> **Prompt**: Write out every entry exactly as given, but omit the pictures.

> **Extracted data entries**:
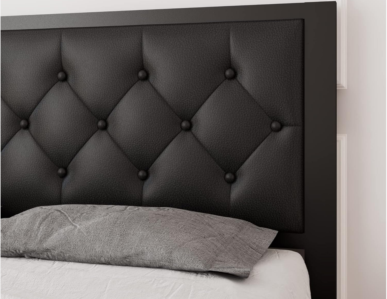
Image 5.3: Close-up of the faux leather button tufted headboard. This premium fabric is skin-friendly, soft to the touch, and easy to clean, adding a retro and classic aesthetic to your room.

Features premium faux leather with a skin-friendly and soft-touch, easy to clean and maintain.
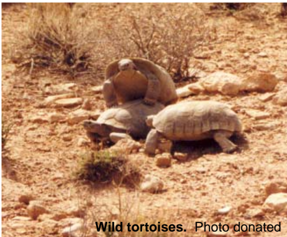
Wild tortoises. Photo donated

New Directions: Travel west on Blue Diamond to Buffalo (app. 1 mile west of Rainbow, the old turnoff). At Buffalo, turn left (south) and continue until it ends at Starr Rd. Turn left (east) to Rainbow. Again turn left and go a very short distance to the power line road, which takes you to the DTCC. Only the power line road is unpaved now! Look for the Tortoise Group signs.
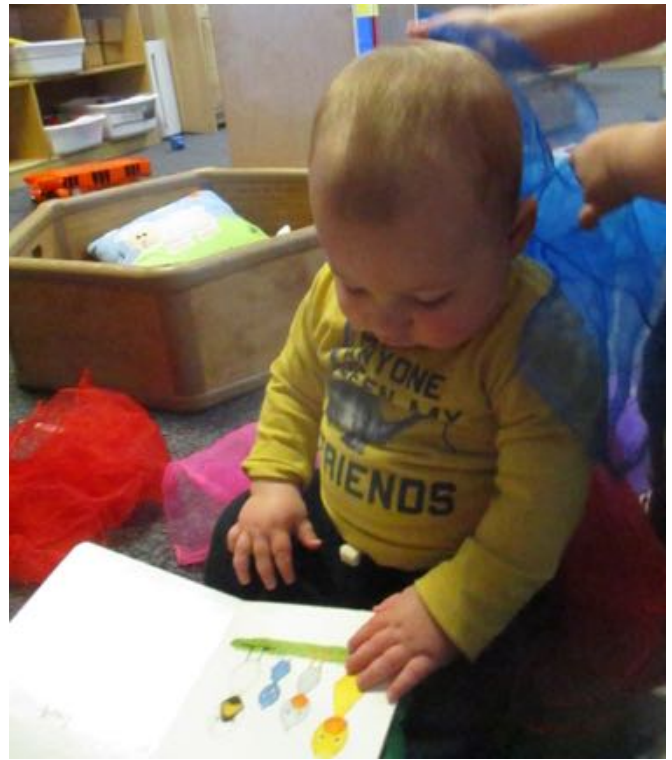
Exploring Our Books
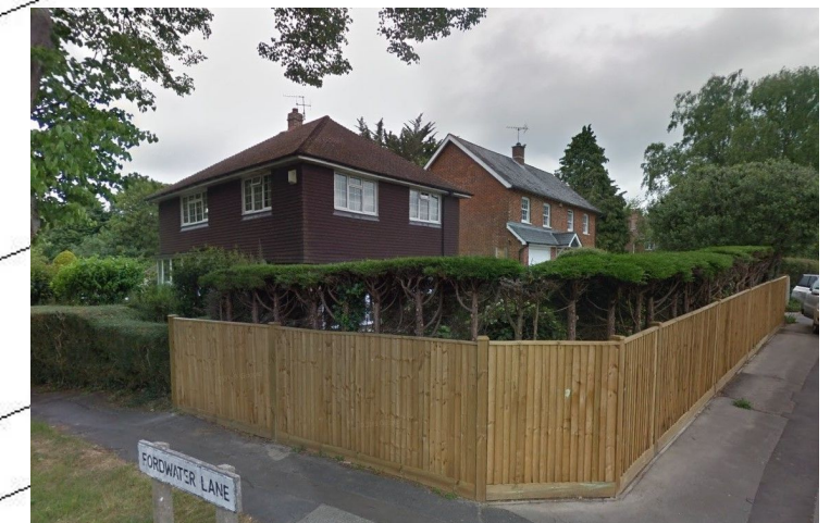
EXISTING VIEW FROM SOUTH EAST

> **Exercise answer**:
Image 5.3: Close-up of the faux leather button tufted headboard. This premium fabric is skin-friendly, soft to the touch, and easy to clean, adding a retro and classic aesthetic to your room.

Features premium faux leather with a skin-friendly and soft-touch, easy to clean and maintain.
Wild tortoises. Photo donated

New Directions: Travel west on Blue Diamond to Buffalo (app. 1 mile west of Rainbow, the old turnoff). At Buffalo, turn left (south) and continue until it ends at Starr Rd. Turn left (east) to Rainbow. Again turn left and go a very short distance to the power line road, which takes you to the DTCC. Only the power line road is unpaved now! Look for the Tortoise Group signs.
Exploring Our Books
EXISTING VIEW FROM SOUTH EAST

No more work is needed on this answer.